My idea here was relatively simple: I planned to move the existing tests to an undisclosed location for safe keeping (until the war was over, in a manner of speaking), then construct a completely new suite of tests to focus on small, specific units of the new plugin's implementation. If things got dicey, or I found a way to salvage them, the old tests would still be there waiting. I followed some specific principles for my new unit tests, which I hope to relate more fully in a later post...but for now, suffice it to say that I was following sound practices. As I went, I planned to use the coverage report (in this case, generated by Cobertura, though it's really not their fault) to mark my progress, and let me know how much I had left to do.

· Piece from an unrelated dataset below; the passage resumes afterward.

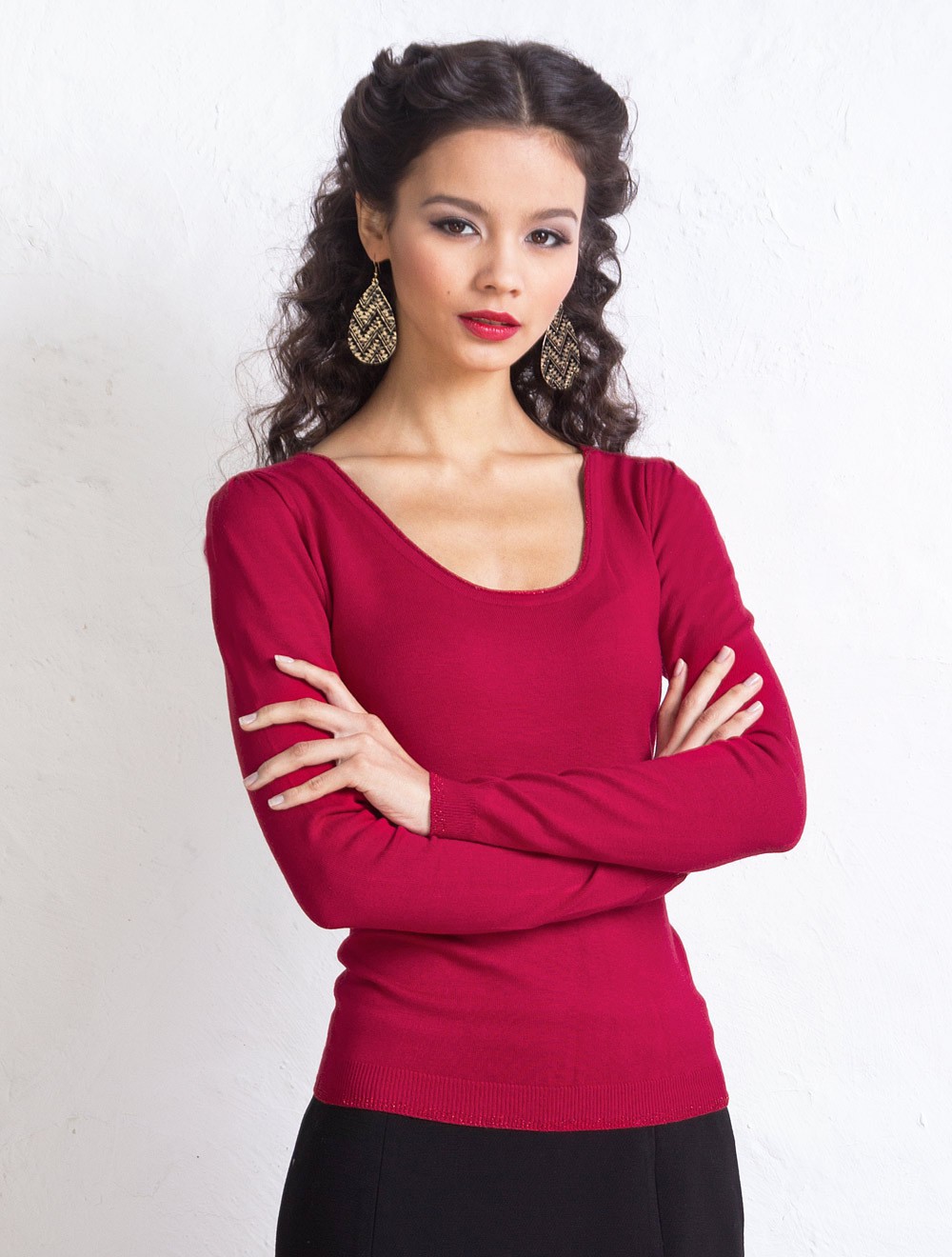 Описание: Тонкая эластичная вязка. Узкий рукав со сборкой сверху по окату, на спинке вырез с имитацией шнуровки. Линия горловины, низа и декорации сзади - украшены полосками с вплетенным мягким люрексом красного цвета.

The refactoring went well, as did the testing. By the time I was ready to merge my refactor branch back to the trunk, the only real problem I'd had was the time involved - it had taken something like twice as long as I'd budgeted. I had nearly perfect coverage numbers on the parts I felt were critical - not on constructing exceptions where the constructor consists of super( message, error ), mind you - and felt fairly confident that this plugin would almost drop in as a replacement of the old incarnation. As a first test, I attempted to create the assembly for Maven itself, at which point the whole plugin fell apart. After battling several NullPointerExceptions, I finally managed to build this fairly straightforward assembly, but by this time I was badly shaken. I had the coverage numbers, but I was starting to see that they weren't telling me the whole story.
Coverage reporting wasn't showing places where null values were reasonable, but unexpected by the code. This meant that relatively simple configurations could lead to a meltdown. To make things worse, I began to notice that some of the string handling expected by the system wasn't handled properly in the code...archive paths with leading slashes, for instance. Finally, I stopped looking at the report, and wrote a small plugin to help me run a battery of real Maven builds using the freshly built plugin. This enabled me to capture real-world use cases, and test whether they were supported properly.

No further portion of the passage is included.